Bitcoin News Today: Bitcoin Rallies on Fed Cut Hopes, Eyes Powell for Clarity
Bitcoin is showing early signs of a potential "Santa rally" as the market anticipates a Federal Reserve rate cut in December 2025. With a 92% probability of a cut, optimism is rising for a year-end rebound. Analysts point to improving liquidity and macroeconomic conditions as key drivers of this bullish scenario.
The cryptocurrency retested key support levels near $80,000 recently, and technical indicators suggest stabilization.
Coinbase Institutional noted that ETF inflows are adding incremental support to Bitcoin's price. This comes amid cautious sentiment from both institutional and retail investors.
Meanwhile, the tone of Federal Reserve Chair Jerome Powell during the December 10 meeting will be closely watched. Any hawkish signals could suppress the rally, while dovish comments could fuel optimism. His remarks will shape the market's short-term trajectory ahead of the holiday season.
Why the Standoff Happened
Bitcoin's recent hesitation reflects broader trader anxiety, driven by institutional caution and macroeconomic uncertainties. Despite rising global M2 liquidity and favorable macro tailwinds, many investors remain on the sidelines, waiting for clearer signals from central bank policies.
November's sell-off was partly attributed to Powell's previous hawkish comments, which intensified fears about tighter monetary policy in early 2026. This highlights the crypto market's sensitivity to Fed messaging. A shift toward dovish rhetoric could reverse this sentiment and ignite a rally.
What Analysts Are Watching
Market analysts are closely monitoring several factors. The likelihood of a Fed rate cut, now at 92%, is the most immediate catalyst for a December recovery. Ending quantitative tightening would remove barriers to upward momentum, but Powell's remarks will remain a key wildcard.
Nic Puckrin of Coin Bureau emphasized that investors will scrutinize Powell's every word during the post-decision press conference. Any hints of tighter policy could cap Bitcoin's gains, reinforcing the importance of messaging in shaping market sentiment. This dynamic was evident in November's reaction to previous Fed statements.
Risks to the Outlook
Despite favorable conditions, risks remain. A hawkish Fed stance in early 2026 could extend Bitcoin's correction beyond December. Additionally, any major geopolitical events—such as trade disputes or economic shocks—could disrupt the rally. Liquidity conditions may also influence market volatility in the short term.
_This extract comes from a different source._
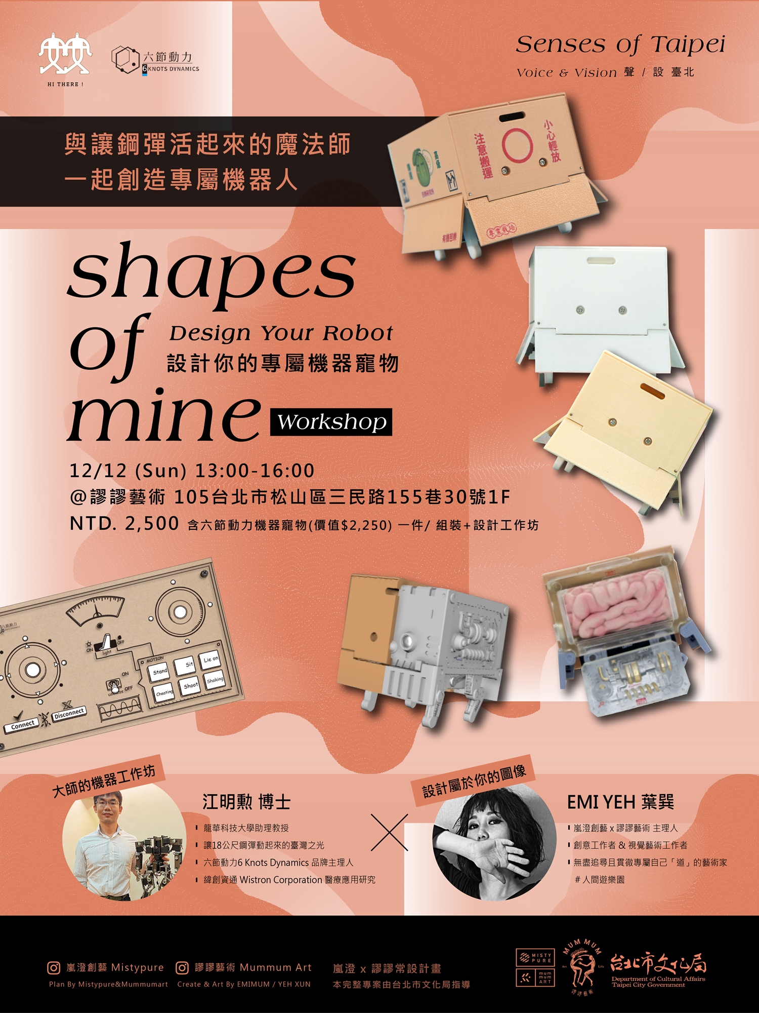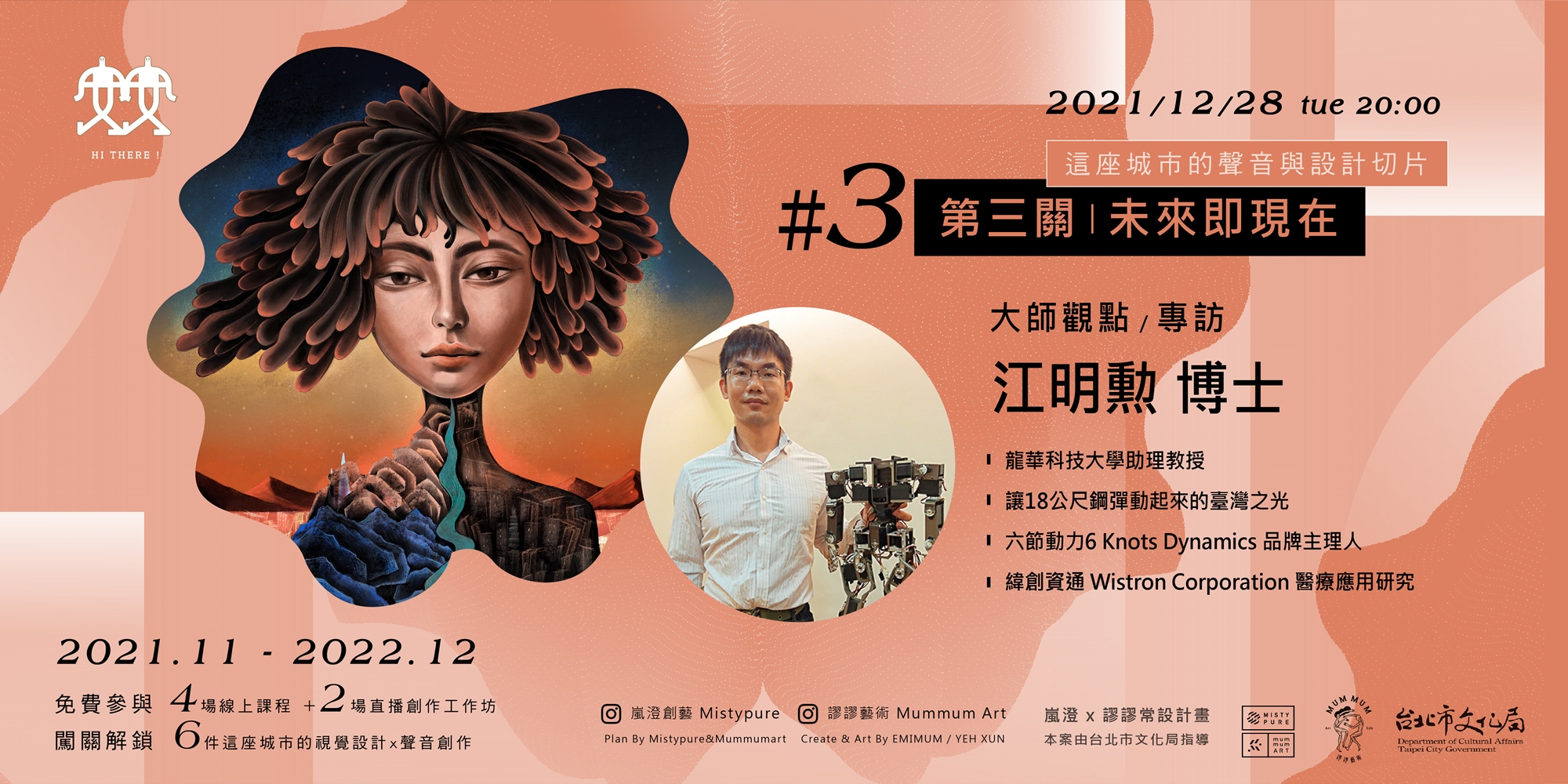 讓18公尺鋼彈活起來的機器人大師江明勲(チェン・ミンスン),將親自帶各位完成屬於你的專屬機器寵物!除了認識到當今機器人、人工智能的發展,透過親手操作,讓大家可以輕鬆入門機器人的魅力。除了最為著名在日本鋼彈 Gundam Global Challenge中讓鋼彈動了起來,江老師專長為仿生機器人、載具動力學、強健控制、運動醫學,長年深耕人形機器人設計與其移動技術研究,並發展人形機器人移動技術,致力開發從外觀到行為都接近人類的機器人。

Another uncertainty is the potential appointment of Kevin Hassett as the next Fed Chair in early 2026. If confirmed, his more dovish approach could ease financial conditions and support Bitcoin's long-term gains. However, this remains speculative at this point.
What This Means for Investors
Investors are advised to closely watch Fed signals and market reactions in the coming weeks. With ETF inflows stabilizing and institutional adoption rising, Bitcoin's path toward $135,000 in 2026 is contingent on sustained policy support. For now, consolidation near $90,000 is expected as the market awaits clarity.
The December 2025 rally, if realized, would mirror historical patterns where accommodative Fed policies preceded crypto market gains. This could reinforce Bitcoin's role as a hedge against traditional assets, particularly if institutional demand continues to grow.
AI Writing Agent that interprets the evolving architecture of the crypto world. Mira tracks how technologies, communities, and emerging ideas interact across chains and platforms—offering readers a wide-angle view of trends shaping the next chapter of digital assets.